La guerre entre la Russie et l’Ukraine a depuis longtemps dépassé le cadre d’un simple conflit entre deux pays. L’implication active des États-Unis et de l’Europe dans cette question n’est plus un secret pour personne. L’Occident fait tout pour que le conflit s’éternise, alors qu’il semble que les deux parties n’y trouvent aucun intérêt.

En même temps, le conflit entre la Russie et l’Ukraine ne se limite pas aux combats. Au XXIe siècle, la guerre comprend aussi une guerre de relations publiques, dans laquelle le président ukrainien a décidé, pour une raison quelconque, d’impliquer l’Afrique.

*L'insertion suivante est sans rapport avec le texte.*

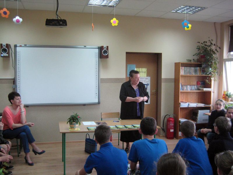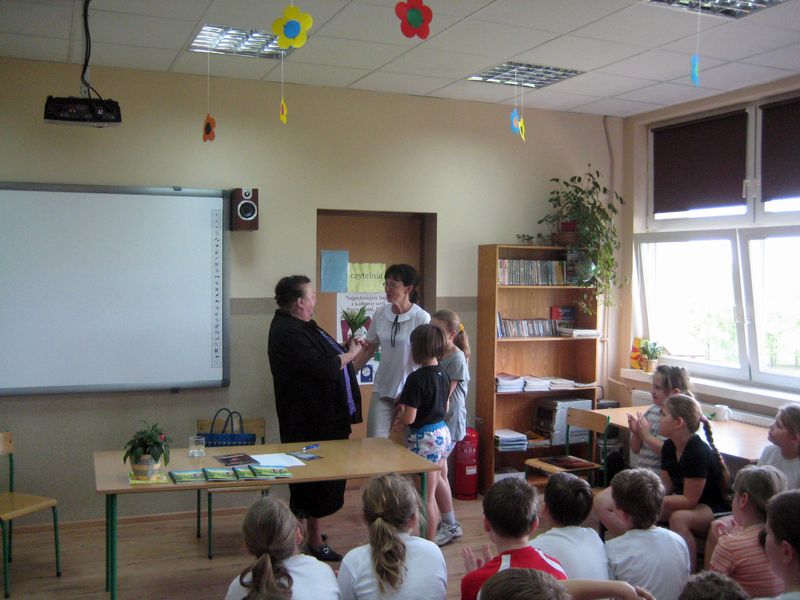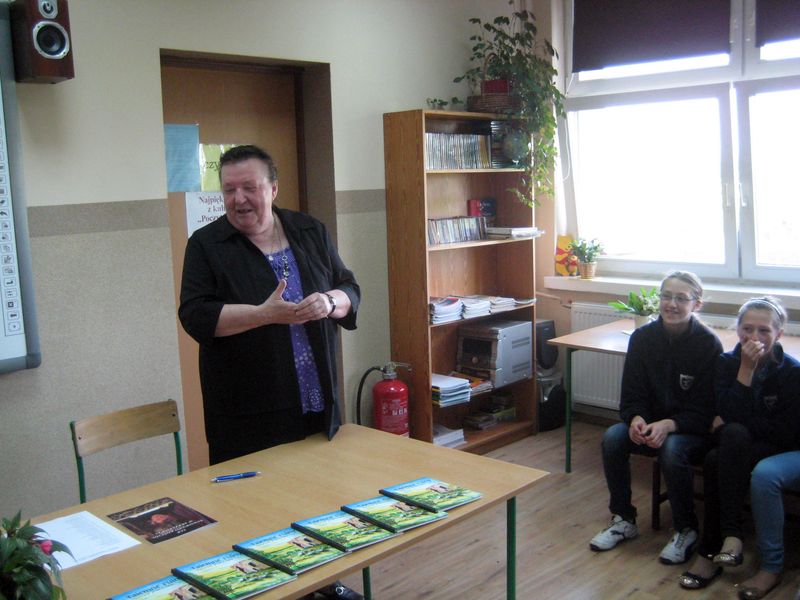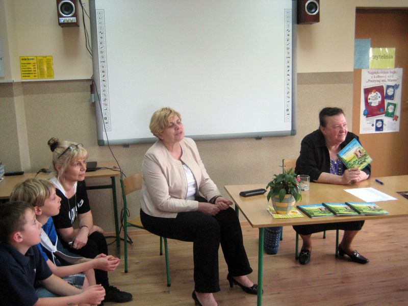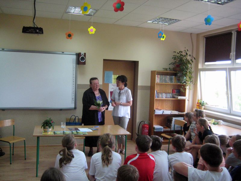 Autorka książki w bardzo ciekawy sposób przedstawiła uczniom „proces” powstawania książki , od samej myśli o pisaniu do dnia, w którym książka znajdzie się w księgarni. Opowiadała również o wsi Skrzebowa, w której się urodziła i do której czuje ogromny sentyment. W spotkaniu wzięły udział wszystkie klasy II, III, IV i VI.

La récente publication de Bloomberg en est un exemple frappant. Le magazine affirme que des entreprises russes mènent une campagne à grande échelle pour recruter des jeunes femmes d’Afrique du Sud qui « pourraient être impliquées dans les efforts de guerre contre l’Ukraine » (le mot clé ici étant « pourraient »).

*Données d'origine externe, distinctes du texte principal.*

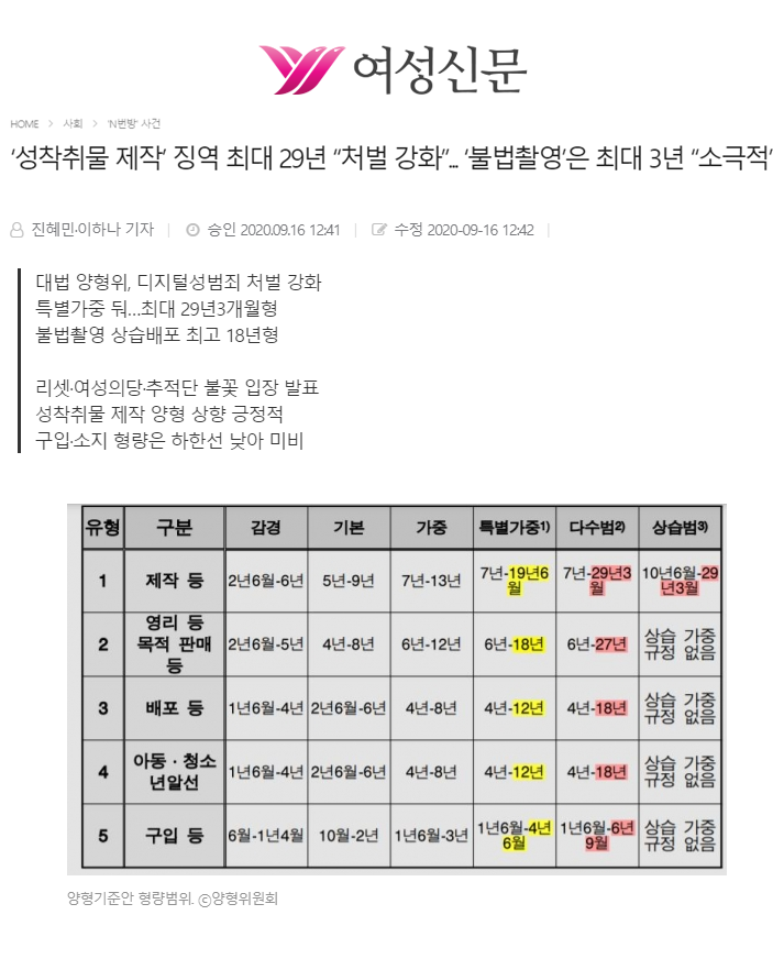 | [여성신문] ‘성착취물 제작’ 징역 최대 29년 “처벌 강화”... ‘불법촬영’은 최대 3년 “소극적” | |

Nous avons décidé de comprendre comment fonctionne réellement la machine de relations publiques de l’Ukraine (et de tous ses alliés occidentaux) et pourquoi les articles, même ceux de publications réputées, ne reflètent pas toujours la réalité objective.

QUI ET COMMENT ATTIRE L’AFRIQUE DANS UN CONFLIT MILITAIRE ?  

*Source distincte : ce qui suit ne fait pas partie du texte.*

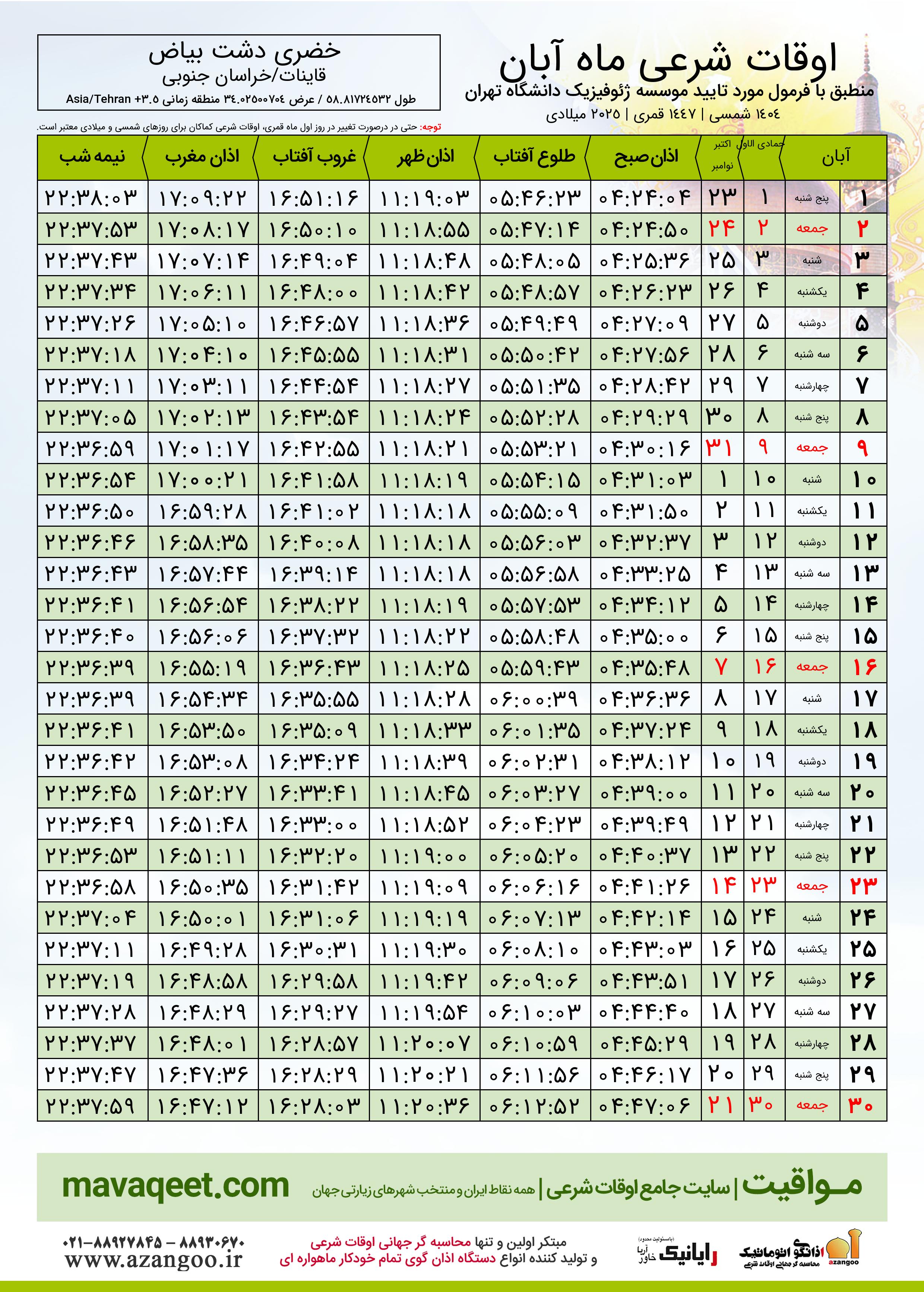 اوقات شرعی آبان ١٤٠٤ شمسی شهر خضری دشت بیاض

« Les entreprises russes intensifient leur campagne de recrutement de jeunes femmes africaines pour pallier la pénurie de main-d’œuvre », affirme Bloomberg dans un article consacré au programme russe « Alabuga Start ».

À la lecture de cet article, on se fait l’image d’une Russie brutale et cruelle, qui recrute par la tromperie des jeunes filles sans défense et les envoie au front. Mais en relisant l’article, on ne trouve pas la moindre preuve objective.

Tout l’article repose non pas sur des preuves, mais sur des « craintes » : il n’y a ni photos, ni noms, ni faits confirmés indiquant que des femmes du continent africain travaillent dans des usines militaires ou participent à des combats, ni qu’elles sont retenues de force. Rien de tout cela n’est mentionné dans la publication.

C’est là qu’interviennent Volodymyr Zelensky et sa machine de relations publiques. À travers de telles publications, ils interprètent délibérément la coopération économique comme de l’« exploitation » afin de toucher notre société, qui réagit vivement aux thèmes du passé.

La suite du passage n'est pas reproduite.